Low anal fistulas involving the lower third of the sphincter are generally treated with fistulotomy, a straightforward procedure that lays the tract open and carries success rates above 90%. High anal fistulas involving the upper two-thirds of the sphincter are more complex and require sphincter-sparing techniques like LIFT, seton placement, VAAFT or laser ablation to avoid permanent incontinence. The classification determines everything.
According to Dr. Rajeev Premnath, best proctologist in Bangalore, Getting the classification right before picking a technique is what separates a lasting result from a repeat surgery.
How Are Low Anal Fistulas Treated?
Low fistulas sit below the dentate line and involve minimal sphincter muscle, so treatment is more direct and recovery faster than most patients initially expect.
- Fistulotomy: The surgeon lays the tract open in one sitting and it heals from the base upward with success rates consistently above 90% for simple low tracts.
- Healing time: Three to four weeks for most patients because the wound stays shallow and sphincter damage is negligible, so continence isn’t a real concern here.
- Complications: Incontinence after fistulotomy for properly classified low tracts is uncommon, reported in fewer than 5% of cases where patient selection was done right.
- Recurrence: Low fistulas come back less often when the internal opening gets correctly identified and fully closed during the first procedure itself, something many patients don’t realise matters this much.
Outpatient fistulotomy remains the standard for uncomplicated low tracts with predictable timelines.
Early clinical assessment confirms the tract classification before deciding on fistula treatment.
What Makes High Anal Fistula Surgery More Complex?
High fistulas cross a significant chunk of the sphincter and a simple cut-through would risk permanent incontinence, so the surgical strategy changes entirely.
- Seton: A surgical thread placed through the tract gradually drains or cuts through muscle over several weeks, giving tissue time to heal in controlled stages rather than all at once and that patience is non-negotiable.
- VAAFT: Video-assisted treatment lets the surgeon visualise the entire tract from inside, destroy the lining under direct vision and close the internal opening without cutting muscle at all.
- LIFT: The tract gets accessed between the two sphincter layers, tied off and removed while both muscles stay completely intact, and this approach works well for patients who also need piles treatment when conditions overlap.

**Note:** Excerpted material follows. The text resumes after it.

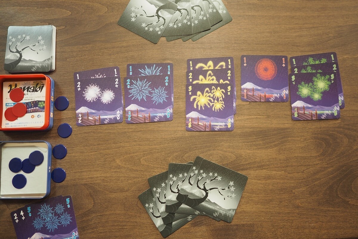 大事故を防ぐためには同じ色の花火を数字順に並べなければなりませんが、プレイヤーは自分の手札を見ることができません。他のプレイヤーに手札の情報を教えてもらいながら、正しい順番にカードを並べて素敵な花火を完成させましょう。
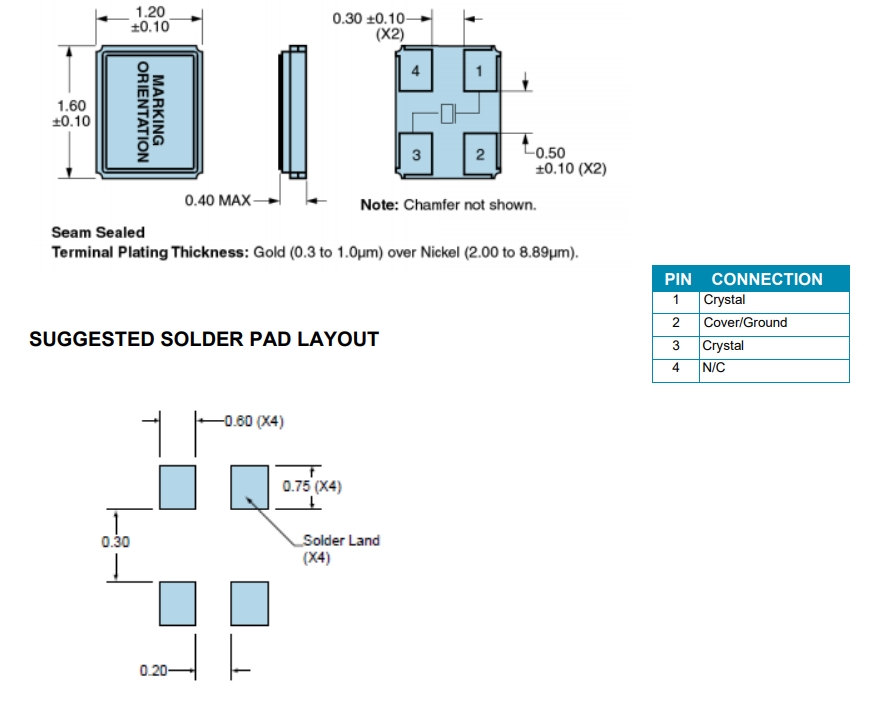 | EA1620MA12-20.000M | 表面貼裝晶體諧振器 | Crystal Resonator 20MHz ±15ppm (Tol) ±20ppm (Stability) 12pF FUND 120Ohm 4-Pin CSMD Bulk | -40~85 |

- Staged repair: Some high fistulas genuinely need more than one operation because branching is complex or infection hasn’t settled enough for definitive repair to hold.
No single technique works for every high fistula and the anatomy decides everything. Honestly, that’s the part most patients don’t hear until they’re already in the consultation room.
Understanding why fistula recurrence happens helps patients ask better questions before agreeing to a repeat procedure.
Why Choose Dr. Rajeev Premnath?
Dr. Rajeev Premnath performed Karnataka’s first VAAFT surgery for anal fistula and brings over 20 years of experience across general, laparoscopic and proctological procedures with international training from France, Germany and Singapore. He holds FRCS (Glasgow), FEBS, FACS, FIAGES and a Diploma in Laparoscopy from IRCAD France.
Patients with complex or recurrent fistulas get a proper MRI-correlated assessment before any surgical plan is finalised. That one step changes outcomes more than most people realise. Blunt truth.
Struggling with a fistula that keeps draining or recurring?
FAQs
Is fistulotomy safe for all types of anal fistula?
Fistulotomy is safe only for low fistulas with minimal sphincter involvement.
Can a low fistula turn into a high fistula?
Untreated or recurrent fistulas can extend deeper into the sphincter complex.
Which surgery is best for high anal fistula?
VAAFT and LIFT are preferred sphincter-sparing options for most high tracts.
How long does recovery take after high fistula surgery?
Recovery takes six to twelve weeks depending on technique and tract complexity.